No.42 Local Political Priorities during Tunisia’s First Democratic Municipal Elections
Alexandra Domike Blackman, Julia Clark, and Aytuğ Şaşmaz
Abstract
In May 2018, Tunisia held the country’s first democratic local elections to elect representatives to the country’s 350 municipal councils. Democratic consolidation depends, in part, on the development of municipal councils that can aggregate and process diverse societal interests at the local level, as well as on the ability of political candidates and politicians to represent and respond to citizens’ priorities. In this paper, we examine the local development priorities of candidates and citizens. We find that, overall, the municipal election candidates’ local priorities for governance do broadly correspond to those of citizens.
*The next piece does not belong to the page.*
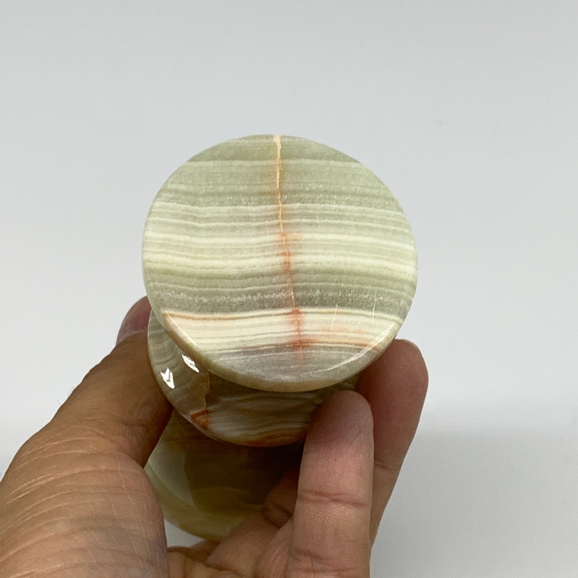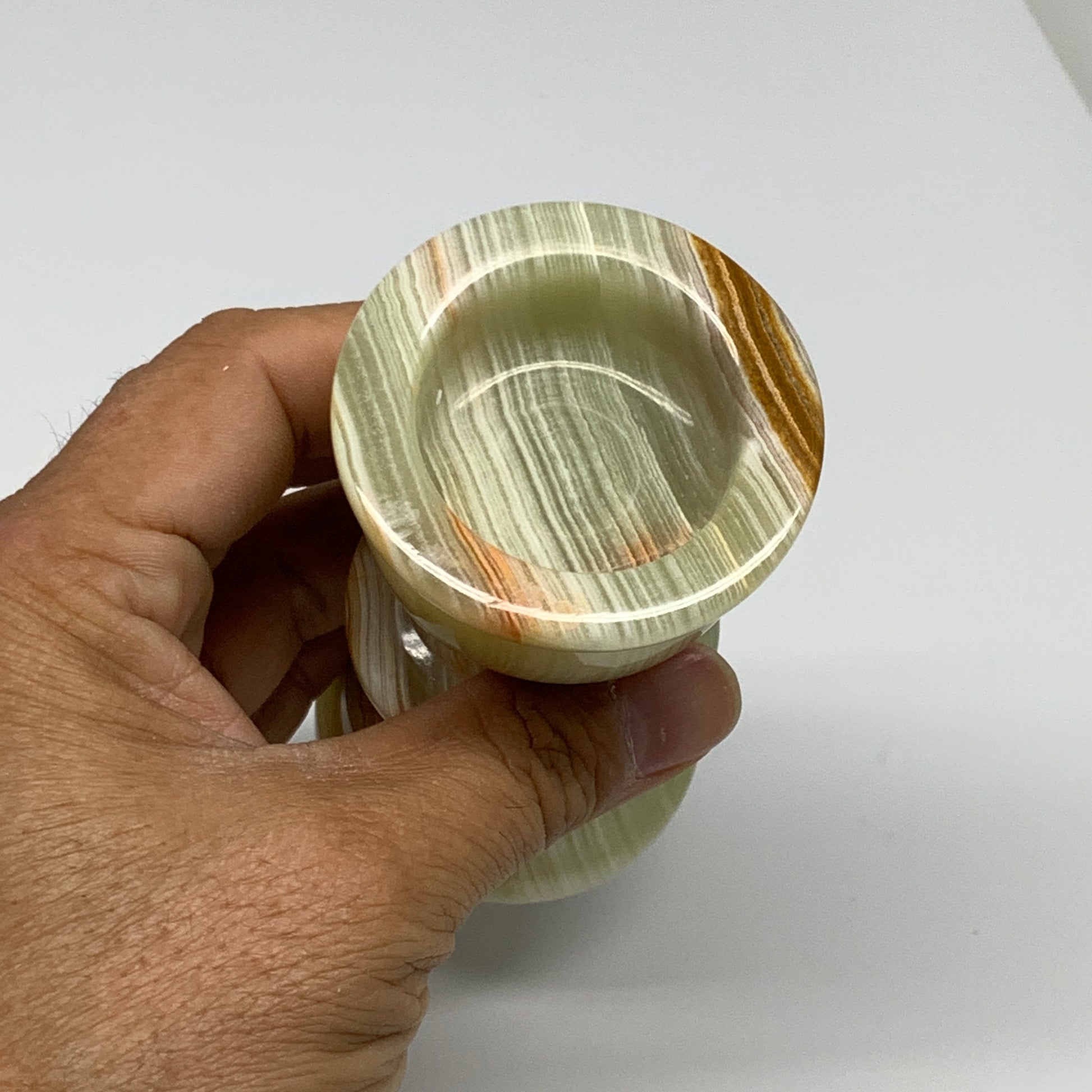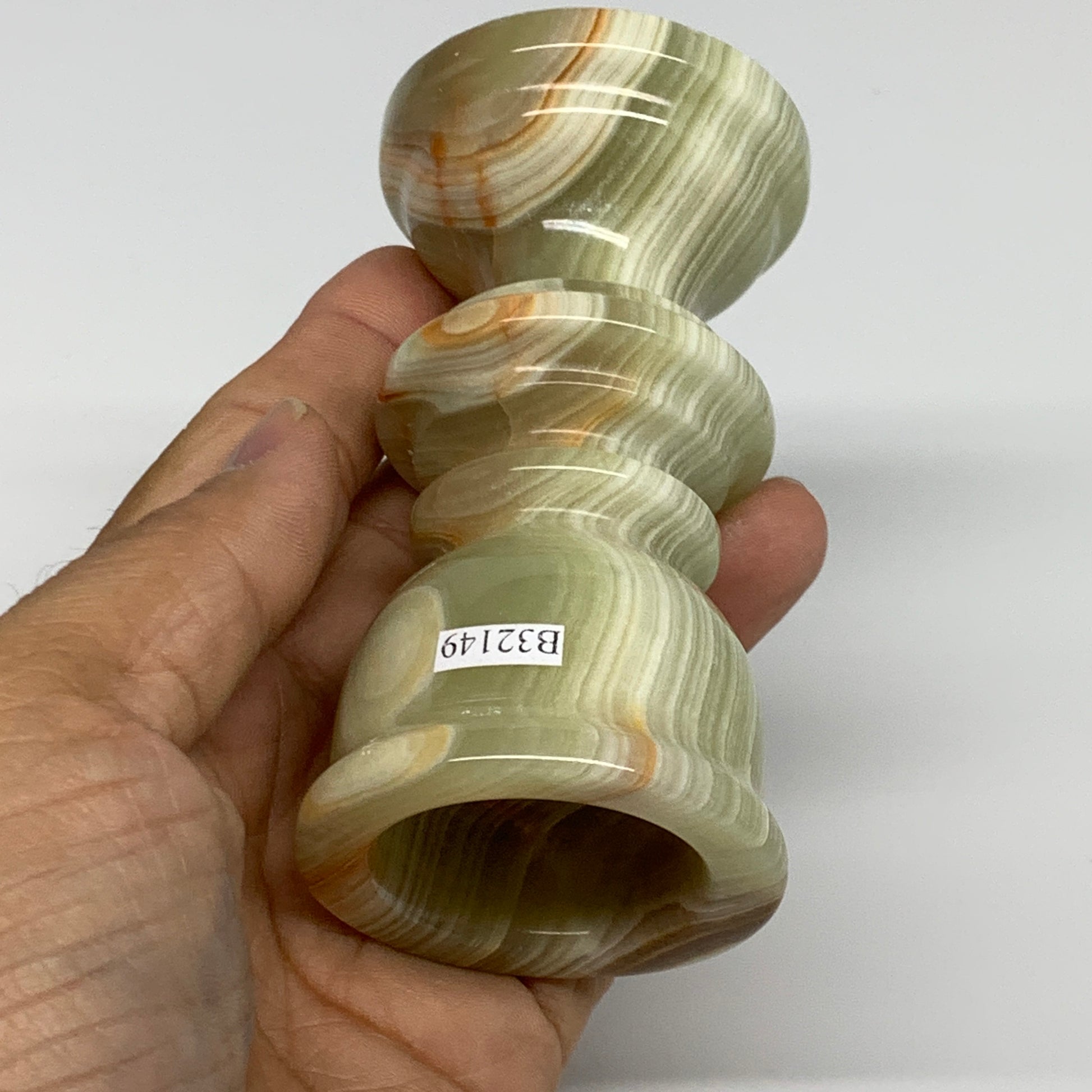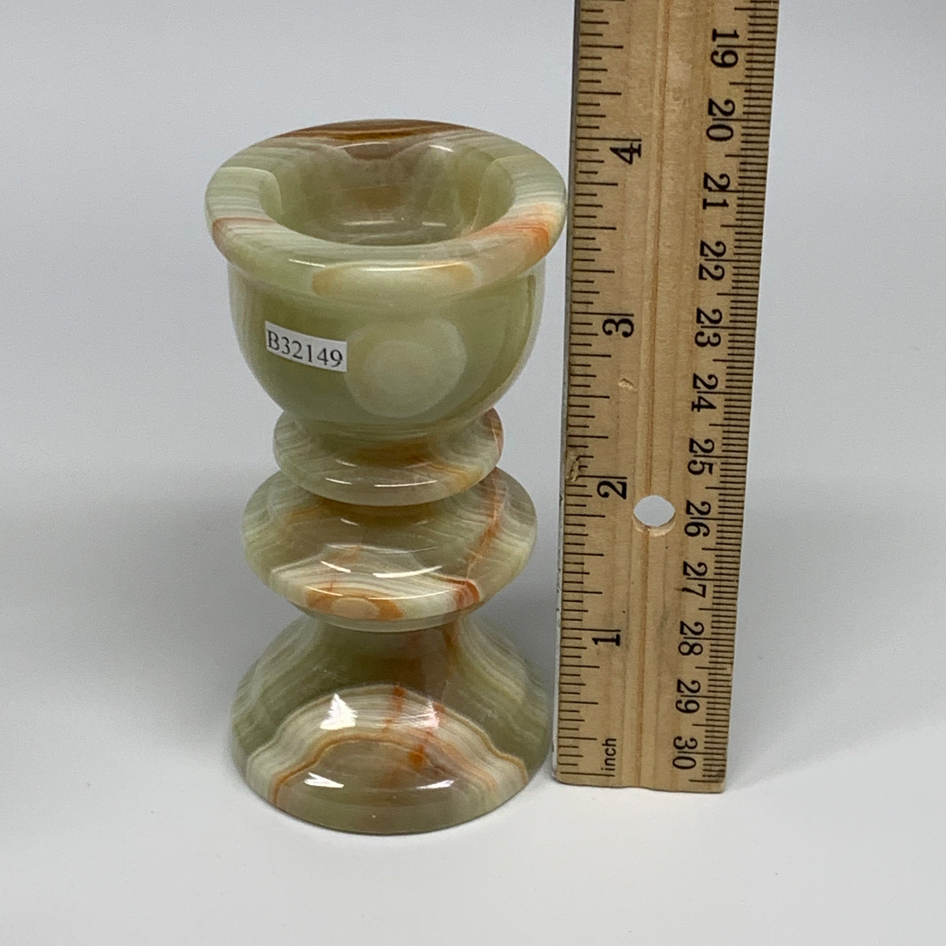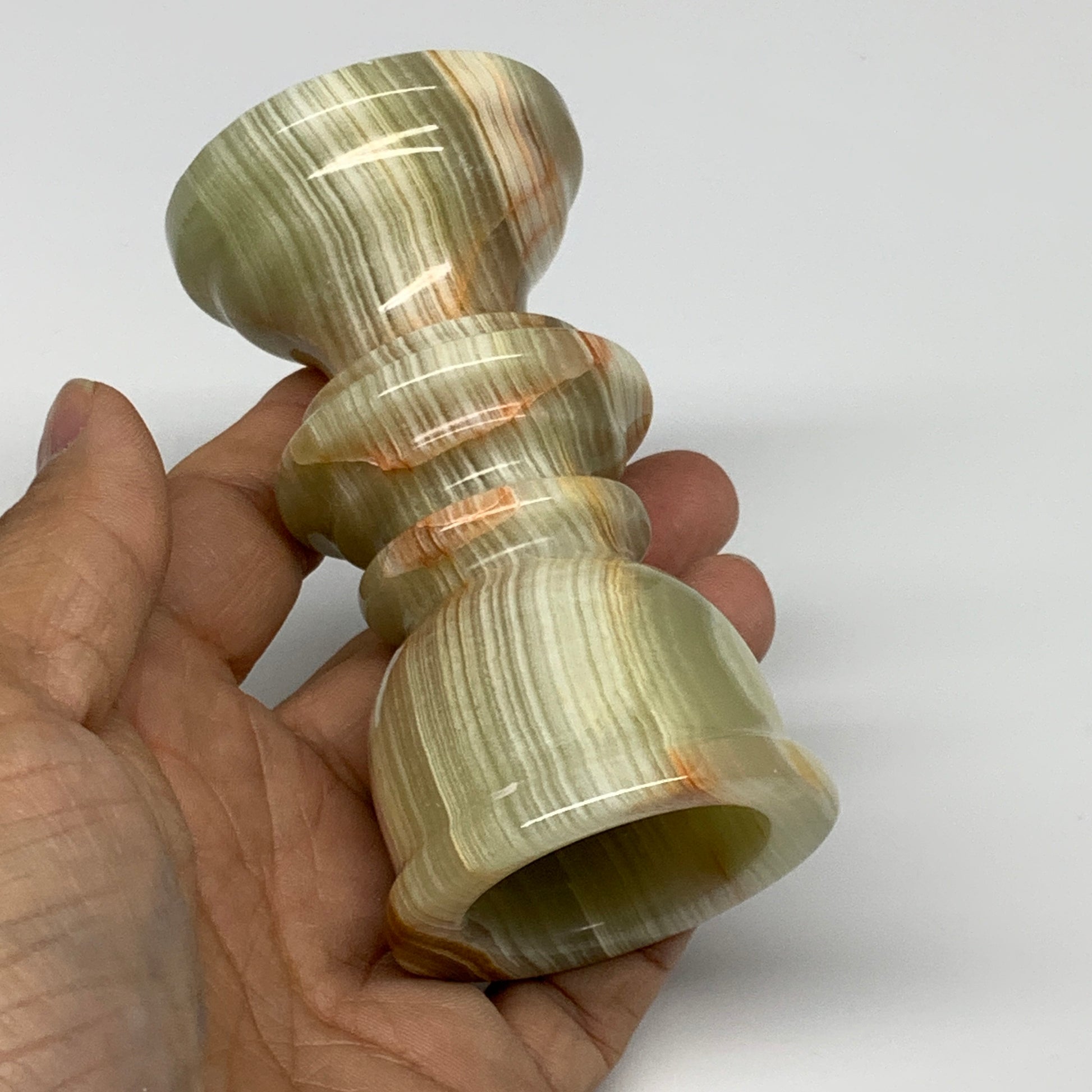 279.9g, 3.7"x2", Natural Green Onyx Candle Holder Gemstone Hand Carved, B32149

For both candidates and citizens, the top four local issues are local roads, waste and the environment, local jobs, and security. Given the use of gender and age electoral quotas, we also examine how individual-level characteristics, such as gender and age, are correlated with the local development priorities of candidates and citizens. We find that women and youth do hold different priorities than their older and male counterparts, both at the citizen and candidate level. Accordingly, the quotas may improve substantive as well as descriptive representation. Finally, we examine the congruence of candidate and citizen priorities. We find a notable gap in local political priorities between candidates and citizens, particularly over employment and local security issues: citizens place a greater emphasis on employment than candidates and candidates place a greater emphasis on security. Drawing on interviews with municipal council candidates and surveys of both candidates and citizens, we argue that these differences result from the patterns of selection into political candidacy and confusion over the mandate of local councillors.